Rutland, VT – September 2, 1930

Rutland, Vermont – September 2, 1930

     On September 2, 1930, Mr. and Mrs. William Vaughan and their friend, Howard Chandler, were traveling in an automobile headed to the Rutland Fair when a hot air balloon suddenly crash-landed on their car, caving in the roof, and seriously injuring the occupants.  The balloon was part of an act being performed at the fair, when for some reason it rapidly deflated and fell five-thousand feet before striking the auto. 

     There was no word on any occupants of the balloon.

     Source: New York Times, “Balloon Drops On Auto”, September 3, 1930.  

Updated April 12, 2017

     The accident occurred around 3 p.m.  The balloon had been used by DeForriest Dickinson, 21, a parachute jumper performing at the Rutland Fair.  Dickinson’s act involved his being launched from a cannon suspended from the balloon while 5,000 feet above the ground.  After leaving the cannon, Dickinson dropped for 1,200 feet before his parachute deployed.  Upon landing he narrowly missed some electrical wires near a railroad track before alighting safely on South Main Street.  

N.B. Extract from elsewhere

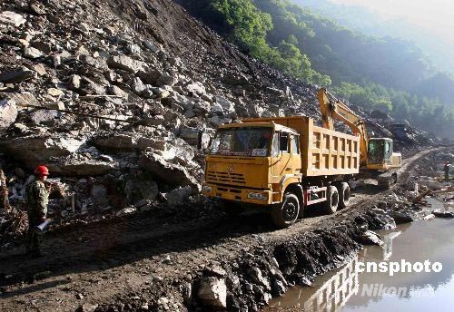 5月24日,從重慶趕來的武警交通直屬工程部的部隊在燒湯河畔搶修從四川省小金縣至汶川縣映秀鎮(zhèn)的303省際公路。5·12大地震造成比鄰震中映秀鎮(zhèn)的臥龍與世隔絕,嚴重的塌方積石形成多個堰塞湖威脅這里的民眾與中國大熊貓科研中心的安危。中新社發(fā) 任晨鳴 攝

     Meanwhile, his balloon lost its buoyancy and fell rapidly, crash-landing on top of the automobile occupied by the Vaughan’s, Mr. Chandler, his wife, and their 9-year-old son Russell.  The balloon reportedly weighted more than 100 pounds, and when it hit, it completely enveloped the car.  The impact took place at Strongs Avenue and South Main Street.  Fortunately, Mr. Chandler, who was driving, was able to bring the vehicle to a safe stop, thus avoiding a greater accident.

     Source: Rutland Herald, “Autoist Injured, 4 Endangered By Falling Balloon”, September 3, 1930.  Article supplied by Mr. Brian Lindner, Vermont Avation Historian.  

Rutland, VT – September 7, 1922

Rutland, Vermont – September 7, 1922 

Rutland Fair Grounds

     On September 7, 1922, a  “flying circus” was performing at the Rutland Fair Grounds before a crowd of 30,000 spectators when two accidents occurred. 

     The first involved and aircraft flown by Lieutenant Belvin W. Maynard, a.k.a. “The Flying Parson”.  At about 1 p.m. Maynard and two others, Lt. L. R. Wood, and Charles Mionette, took off in an airplane to perform a series of aerial stunts for the entertainment of the fair goers.  The men were familiar with the routine which they had been performing all week.   The accident occurred while Maynard was performing a tail spin from an altitude of 2,000 feet.   Evidently he was unable to pull out of the spin, and the aircraft plunged nose first into a cornfield at the edge of the fair grounds killing all three men.

     Lt. Maynard was a veteran of World War I, but prior to the war he had studied to be a Baptist minister.  He was a frequent speaker in churches, and had been scheduled to give a talk at the Rutland Baptist Church later in the day.  He had also performed at least one marriage while flying his airplane over Times Square in New York, hence the nick name, “Flying Parson”.

     The second accident at the fair occurred later that same day.  A 43-year-old aeronaut named Smith had been giving parachute exhibitions by jumping from his balloon.  After two successful jumps that afternoon, Smith did a third, but his parachute failed to open and he was killed.

     Smith had been doing parachute jumps for the previous ten years.  In 1920, (Exact date not known.)  Smith was severely injured during one of his jumps in Lynn, Massachusetts. 

Source: New York Times, “Flying Parson Dies, 3 Other Air Men Killed During Fair.”  

Update: October 7, 2016

     Smith’s full name was Henry A. (Daredevil) Smith of Boston, Massachusetts.  He jumped from 3,500 feet and his parachute opened slightly, then closed, and failed to re-open.  He hit the ground about 100 yards east of the Main Street fence of the fairgrounds. 

     In the accident at Lynn, Mass., he was to jump from an airplane, but the pilot lost control and crashed.  Smith fell 8,00 feet and lived, but the pilot was killed.